Traces show how a single request flows through multiple services.

Key concepts: - Trace — the full journey of a request - Span — a single operation within a trace (has start time, duration, metadata) - Parent/child spans — represent service-to-service calls - TraceID — 128-bit ID propagated across all service boundaries (W3C traceparent header)

OpenTelemetry (OTEL) is the standard.
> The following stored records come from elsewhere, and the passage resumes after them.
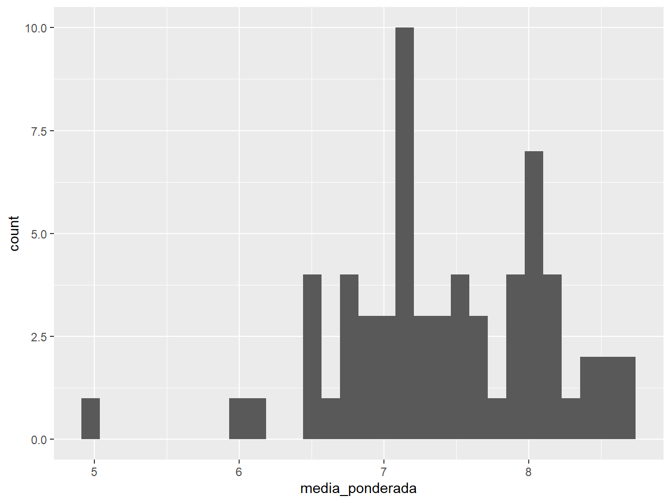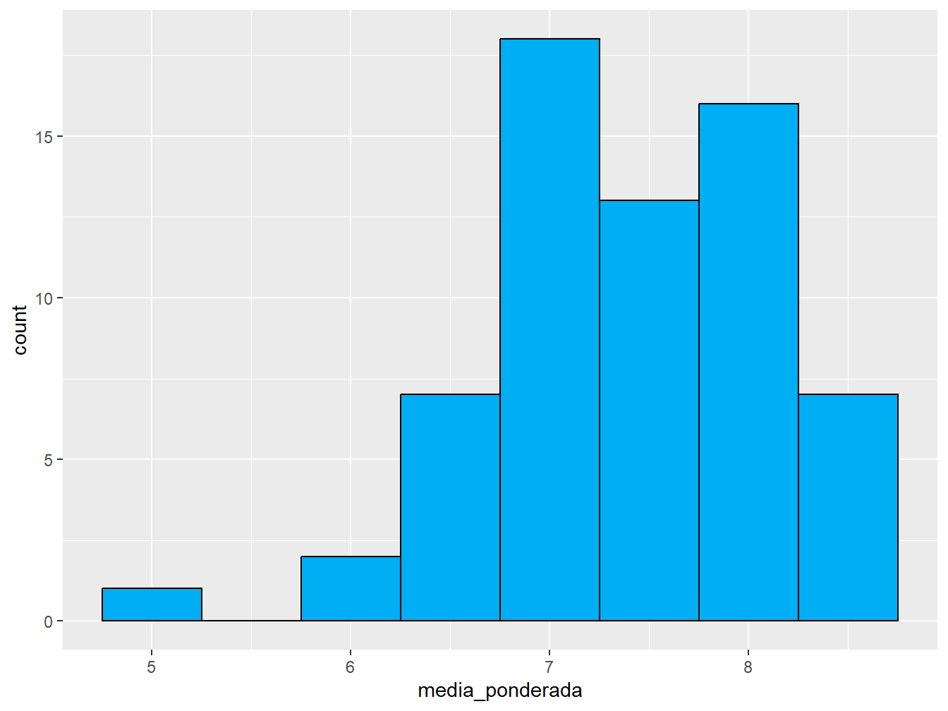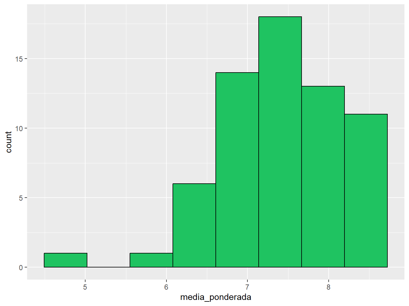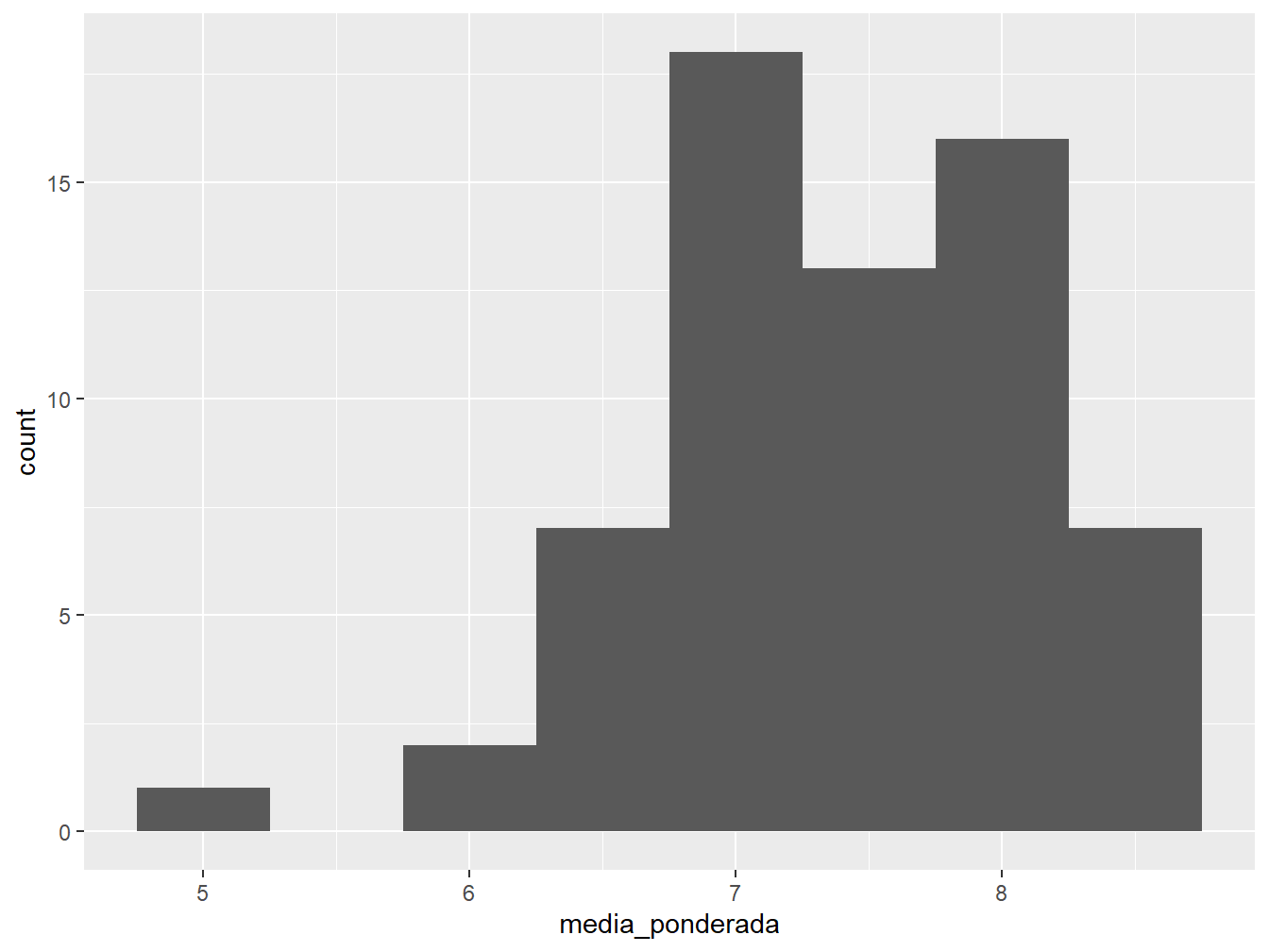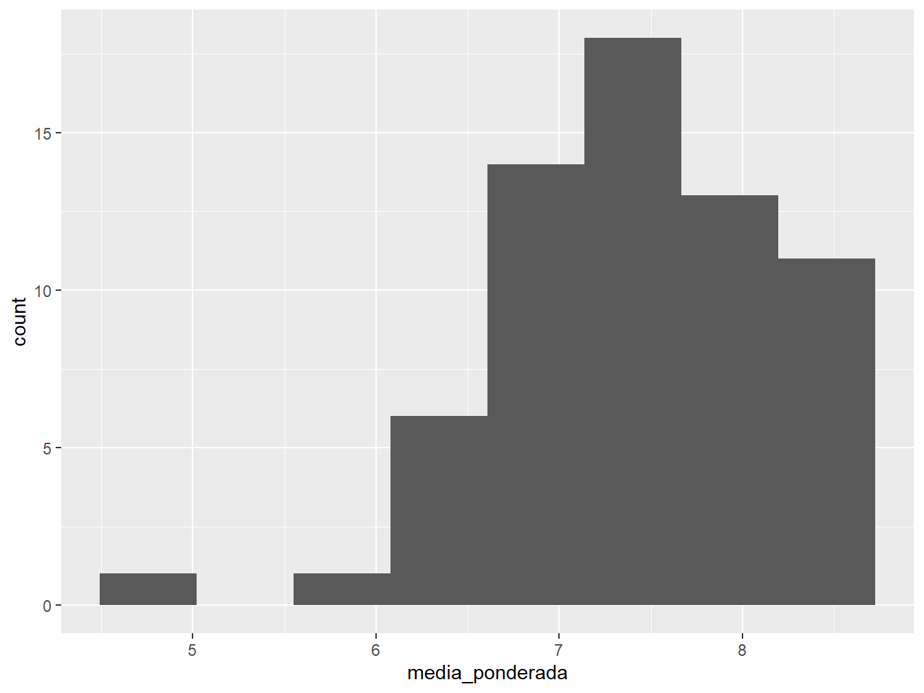 Neste primeiro caso, faremos um histograma referente à média ponderada dos alunos.
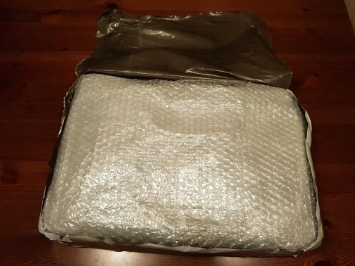 Very well wrapped. He’s arrived in perfect condition, in about 20 days. I smell leather that’s not unpleasant. It looks really good. Very happy with the purchase.
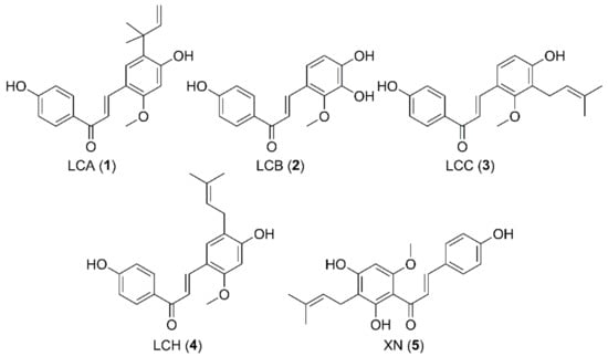 Han, F.; Xiao, Y.; Lee, I.-S. Microbial Conjugation Studies of Licochalcones and Xanthohumol. Int. J. Mol. Sci. 2021, 22, 6893. https://doi.org/10.3390/ijms22136893
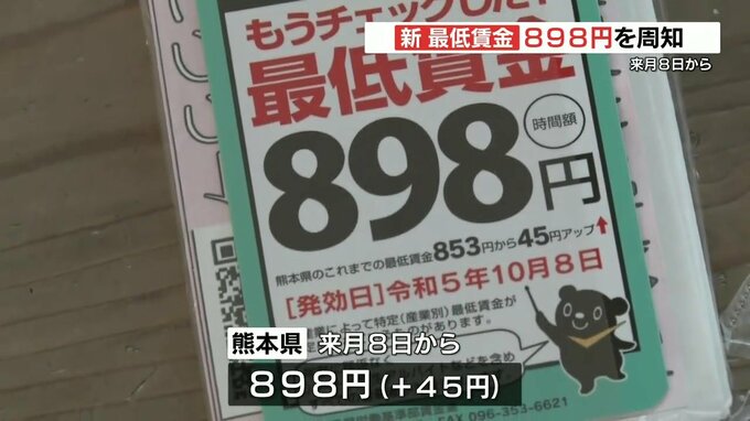 10月8日から、熊本県の最低賃金が898円に引き上げられることを広く知ってもらおうと、関係者が周知活動を行ないました。
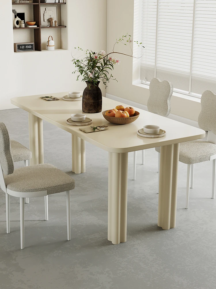 【おしゃれな暮らし】ユーズド無垢材ダイニングテーブル&チェアセット - フレンチクリームスタイル、ラグジュアリーでシンプルなモダンデザイン、耐久性抜群のリビングルーム用岩板、コンパクトで使いやすい
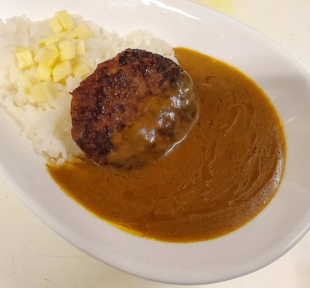 ハンバーグはその料理自体の個性が強く、カレーと出会っても、主張は曲げない。ここに好き嫌いはあるかも。
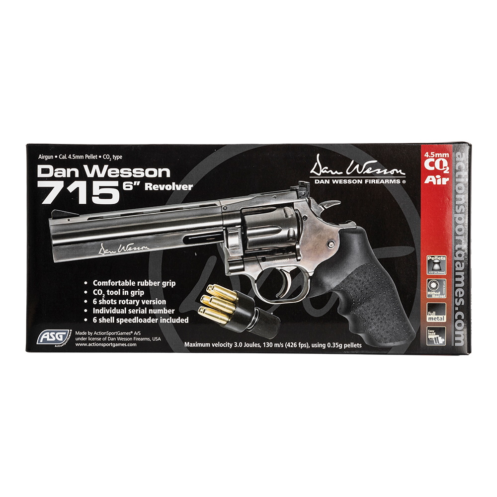 Пневматический пистолет ASG Dan Wesson 715 является примером газобаллонной пневматики с дульной энергией до 3 Дж. В такого рода пневматике выстрел производится за счет энергии сжатого углекислого газа, содержащегося в специальных баллончиках СО2. Прототипом данной модели пневматического револьвера является Dan Wesson.
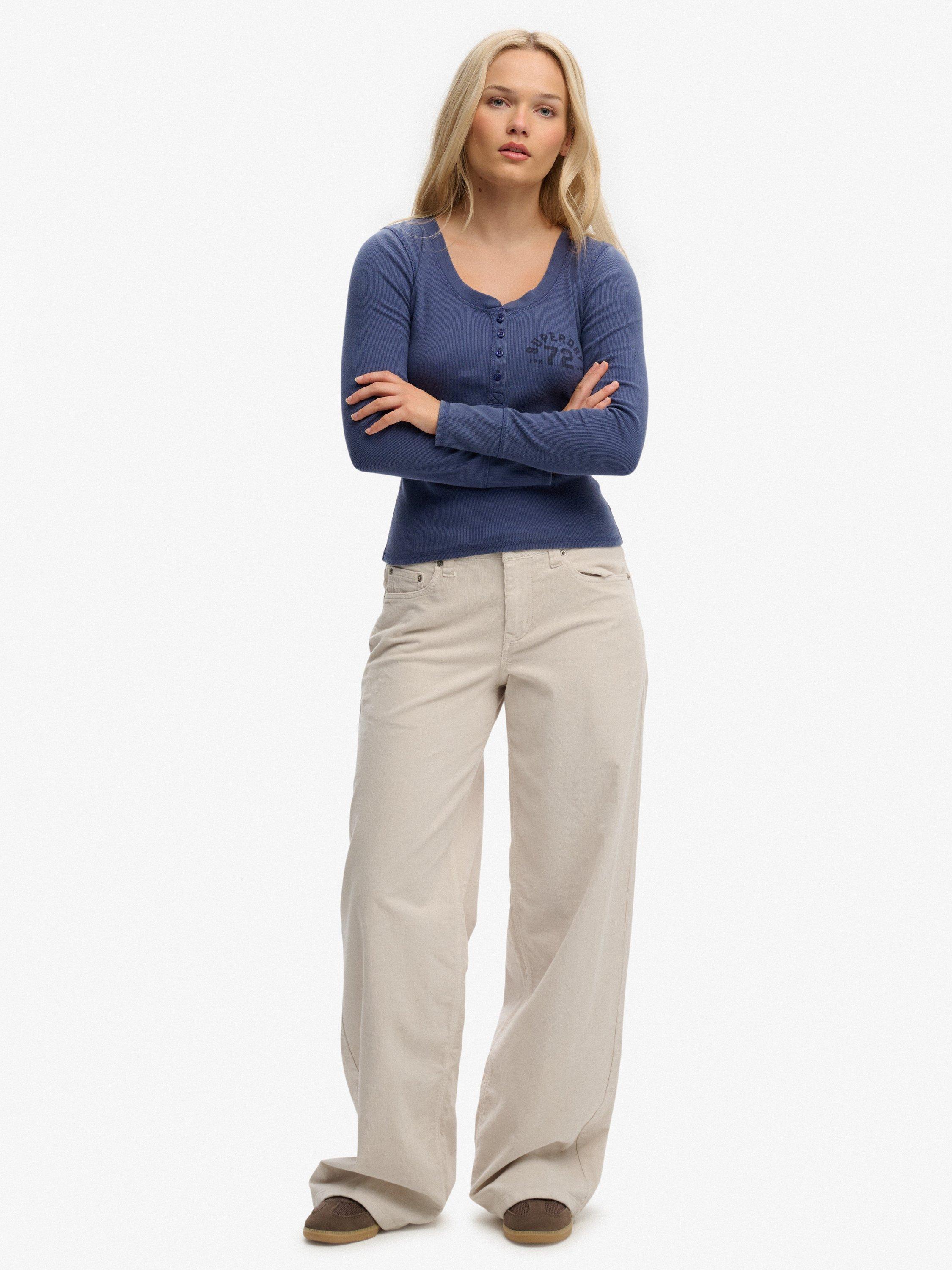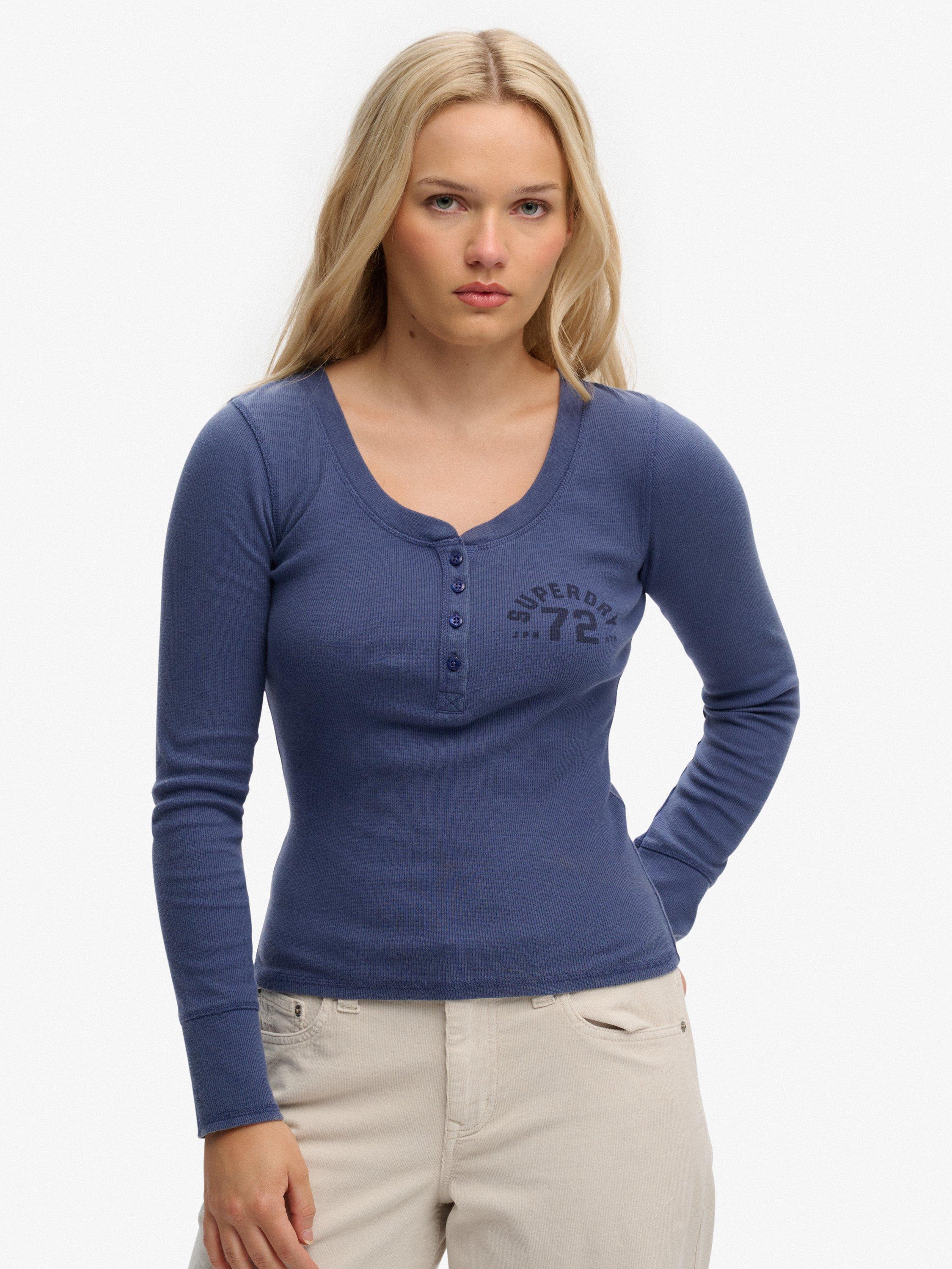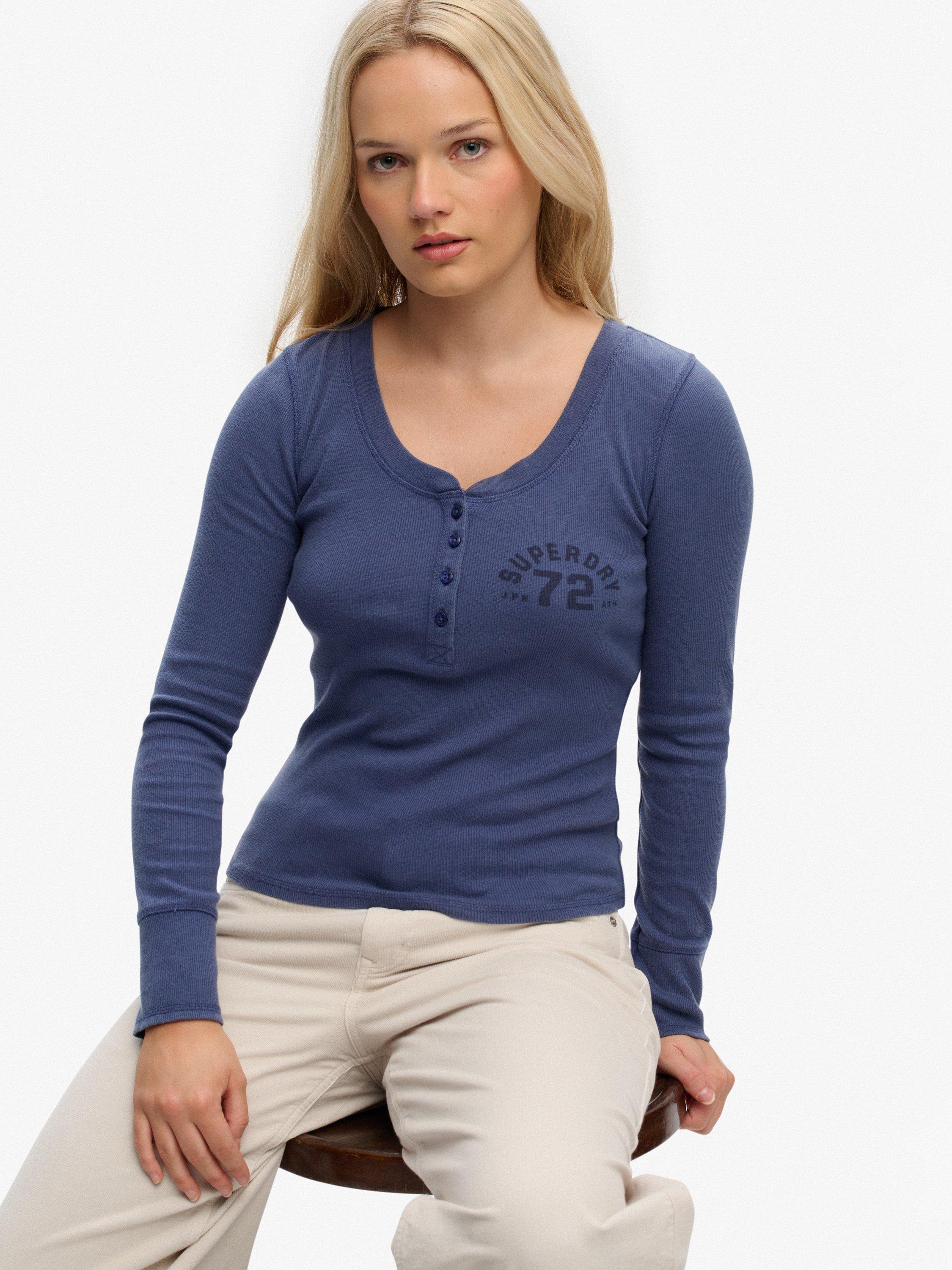 SuperdryAthletic Button Down Long Sleeve Top, Mariner Navy
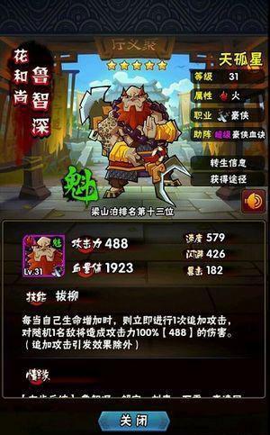 第三个技能,晕杀阵的核心。技能:对默认目标造成攻击力160%的伤害,并造成眩晕效果,持续两回合。代表人物:阮小二,栾廷玉,栾廷玉在攻击力上是完胜阮小七的。但是阮氏三雄大家都听过,晕杀阵中的豪侠是阮小七的哥哥阮小五啊,那么阮小七就靠着哥哥的关系成功上位啦。
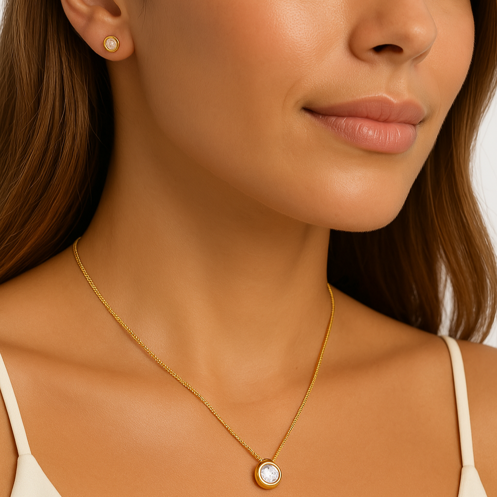 Colar e brinco com zircônia folheado à ouro ou a prata.
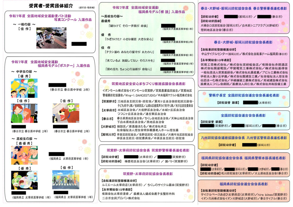 特に、筑紫地区は、県下最多の青色防犯パトロール団体を有し、各地区において活発な活動を続けており、自主防犯活動の輪は、確かなものとなっています。

Instrument once, export to any backend.

Trace: user-checkout (120ms)
├── auth-service (5ms)
├── inventory-service (30ms)
│   └── postgres-query (25ms)
└── payment-service (80ms)  ← bottleneck
    └── stripe-api (78ms)

→ See OpenTelemetry deep dive — architecture, sampling, instrumentation code, Collector config, backends.


Dashboards [I]

Dashboard Design Principles

  1. USE Method (for resources: CPU, disk, network):
  2. Utilization — % time resource is busy
  3. Saturation — queued/waiting work
  4. Errors — error events

  5. RED Method (for services):

  6. Rate — requests per second
  7. Errors — failed requests per second
  8. Duration — distribution of response times

  9. Layout:

  10. Top: overall health (SLO status, error budget)
  11. Middle: golden signals
  12. Bottom: per-component breakdown

Grafana Tips

  • Use variables for environment/service/region filtering
  • Annotate deployments on graphs
  • Link panels to runbooks

Alerting [I]

Alert Design

Good alerts are: - Actionable — someone must do something - Accurate — low false-positive rate - Timely — fires before users are impacted - Clear — tell you what broke, link to runbook

Alert Anti-patterns

  • Alerting on causes instead of symptoms (alert on high error rate, not high CPU)
  • Too many low-severity pages → alert fatigue
  • No runbook link
  • Alerts that auto-resolve without investigation

Burn Rate Alerts vs Threshold Alerts

Prefer burn rate alerts for SLO-based alerting (see SLO page).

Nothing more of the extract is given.